DATASET EXCERPT ::
══════════════════════════════
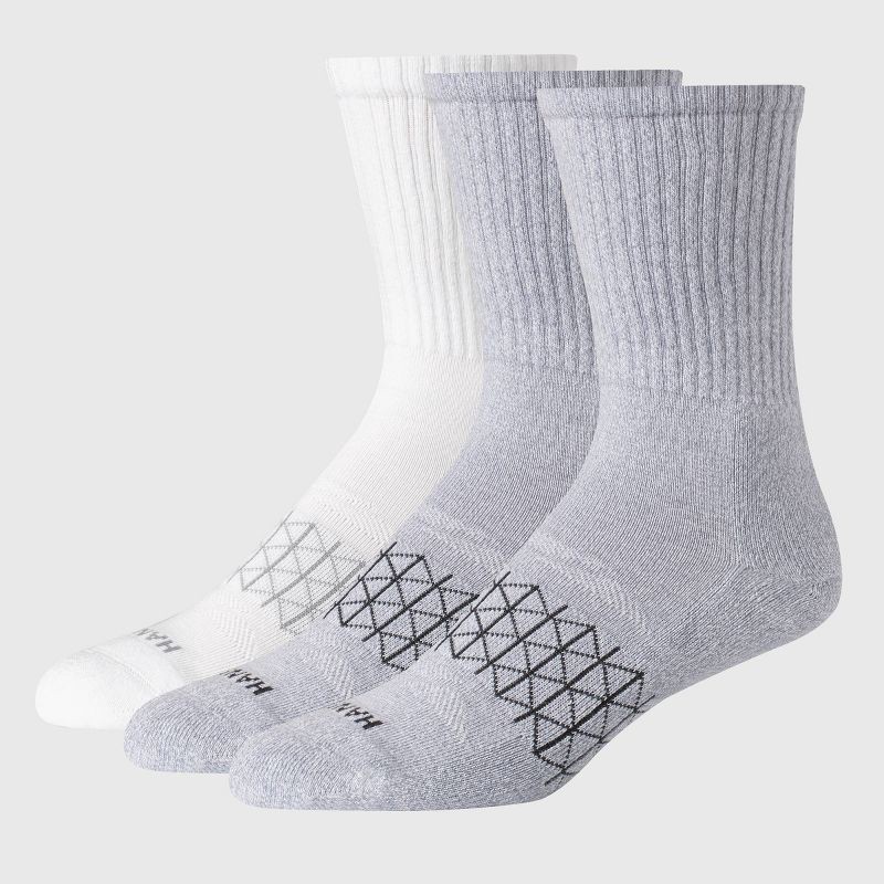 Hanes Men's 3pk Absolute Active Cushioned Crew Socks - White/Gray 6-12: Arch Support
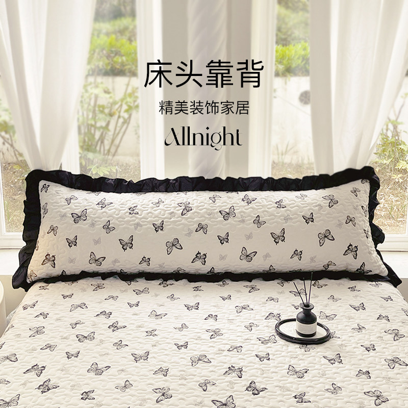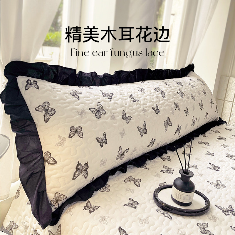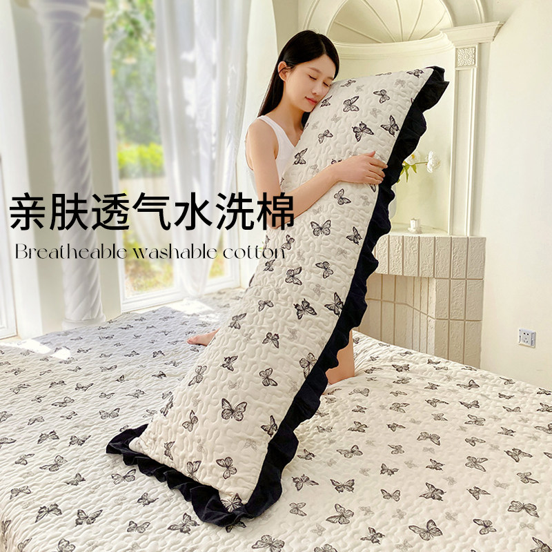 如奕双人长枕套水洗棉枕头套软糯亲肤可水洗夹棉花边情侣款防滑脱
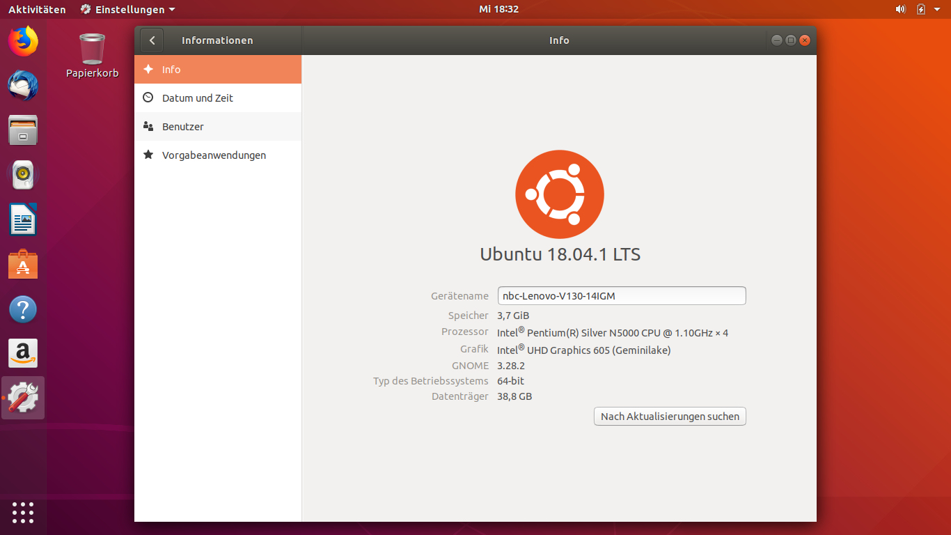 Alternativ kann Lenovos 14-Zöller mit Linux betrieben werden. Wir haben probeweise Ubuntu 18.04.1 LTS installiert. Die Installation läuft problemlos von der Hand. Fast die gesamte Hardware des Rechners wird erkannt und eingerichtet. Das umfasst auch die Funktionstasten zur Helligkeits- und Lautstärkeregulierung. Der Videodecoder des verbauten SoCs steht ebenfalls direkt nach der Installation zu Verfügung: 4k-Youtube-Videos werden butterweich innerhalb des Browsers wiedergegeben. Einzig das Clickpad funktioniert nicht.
══════════════════════════════
PROBLEM DETAILS :: Print the material in full and exactly; the pictures must not be printed.

ANSWER TO THE EXERCISE ::
 Hanes Men's 3pk Absolute Active Cushioned Crew Socks - White/Gray 6-12: Arch Support
 如奕双人长枕套水洗棉枕头套软糯亲肤可水洗夹棉花边情侣款防滑脱
 Alternativ kann Lenovos 14-Zöller mit Linux betrieben werden. Wir haben probeweise Ubuntu 18.04.1 LTS installiert. Die Installation läuft problemlos von der Hand. Fast die gesamte Hardware des Rechners wird erkannt und eingerichtet. Das umfasst auch die Funktionstasten zur Helligkeits- und Lautstärkeregulierung. Der Videodecoder des verbauten SoCs steht ebenfalls direkt nach der Installation zu Verfügung: 4k-Youtube-Videos werden butterweich innerhalb des Browsers wiedergegeben. Einzig das Clickpad funktioniert nicht.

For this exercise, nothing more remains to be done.